Aktualnie w zagrodzie, razem z maluchem jest ich 5. Dwie dorosłe krowy pochodzą z Białowieży a przywódca stada, nadmieniony Pogaj, podobnie jak jego 3-letni potomek, urodził się w Gołuchowie. Jak widać, zagrodę zasilają osobniki przyjeżdżające z innych ośrodków hodowlanych. Tak też dzieje się z gołuchowskimi żubrami, które w ostatnim czasie dołączyły do stad w Hiszpanii i Francji. Taka kontrolowana migracja żubrów jest konieczna ze względu na potrzebę możliwie największego różnicowania puli genowej. Należy pamiętać, że dzisiejsza populacja żubra, która po pierwszej wojnie światowej był na skraju wyginięcia, została odtworzona z dwunastu osobników.

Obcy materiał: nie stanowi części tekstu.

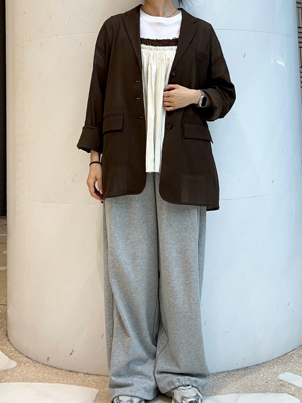 ジャケットは、程よい透け感があり身体のラインを拾い過ぎないので、どんなコーデにも馴染みます♩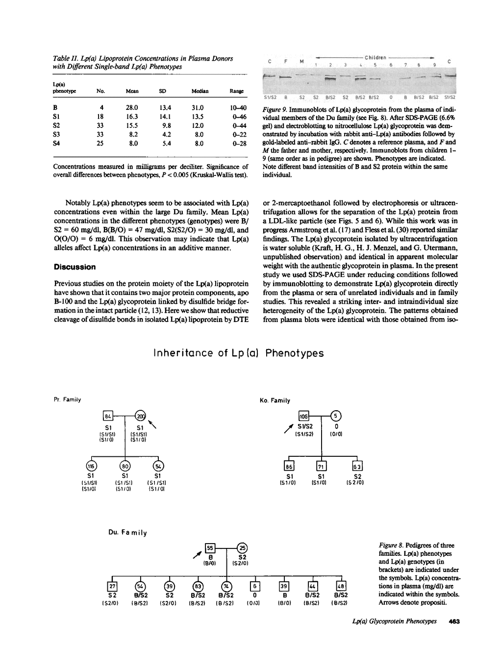 The Lp(a) lipoprotein represents a quantitative genetic trait. It contains two different polypeptide chains, the Lp(a) glycoprotein and apo B-100. We have demonstrated the Lp(a) glycoprotein directly in human sera by sodium dodecyl sulfate-gel electrophoresis under reducing conditions after immunoblotting using anti-Lp(a) serum and have observed inter- and intraindividual size heterogeneity of the glycoprotein with apparent molecular weights ranging from approximately 400,000-700,000 D. According to their relative mobilities compared with apo B-100 Lp(a) patterns were categorized into phenotypes F (faster than apo B-100), B (similar to apo B-100), S1, S2, S3, and S4 (all slower than apo B-100), and into the respective double-band phenotypes. Results from neuraminidase treatment of isolated Lp(a) glycoprotein indicate that the phenotypic differences do not reside in the sialic acid moiety of the glycoprotein. Family studies are compatible with the concept that Lp(a) glycoprotein phenotypes are controlled by a series of autosomal alleles (Lp[a]F, Lp[a]B, Lp[a]S1, Lp[a]S2, Lp[a]S3, Lp[a]S4, and Lp[a]0) at a single locus. Comparison of Lp(a) plasma concentrations in different phenotypes revealed a highly significant association of phenotype with concentration. Phenotypes B, S1, and S2 are associated with high and phenotypes S3 and S4 with low Lp(a) concentrations. This suggests that the same gene locus is involved in determining Lp(a) glycoprotein phenotypes and Lp(a) lipoprotein concentrations in plasma and is the first indication for structural differences underlying the quantitative genetic Lp(a)-trait.

Według Księgi Rodowodowej Żubrów na koniec 2018 r. w całej Polsce żyło 1820 żubrów. Są one dowodem odpowiedzialnego procesu restytucji (przywracania gatunku dla środowiska) prowadzonego przez naukowców, przyrodników i leśników.
Interesująca historia tego chronionego gatunków zaciekawiła uczestników uroczystości w gołuchowskiej zagrodzie, wśród których poza panią Agnieszką i jej rodziną były osoby nagrodzone upominkami za udział w konkursie, wyłonione w losowaniu. Spotkanie z dyrektorem Ośrodka Kultury Leśnej i pracownikami było znakomitą okazją do zadawania pytań, nie tylko o żubry. Goście wydarzenia zwiedzili w tym dniu również Muzeum Leśnictwa i zabytkowy park-arboretum.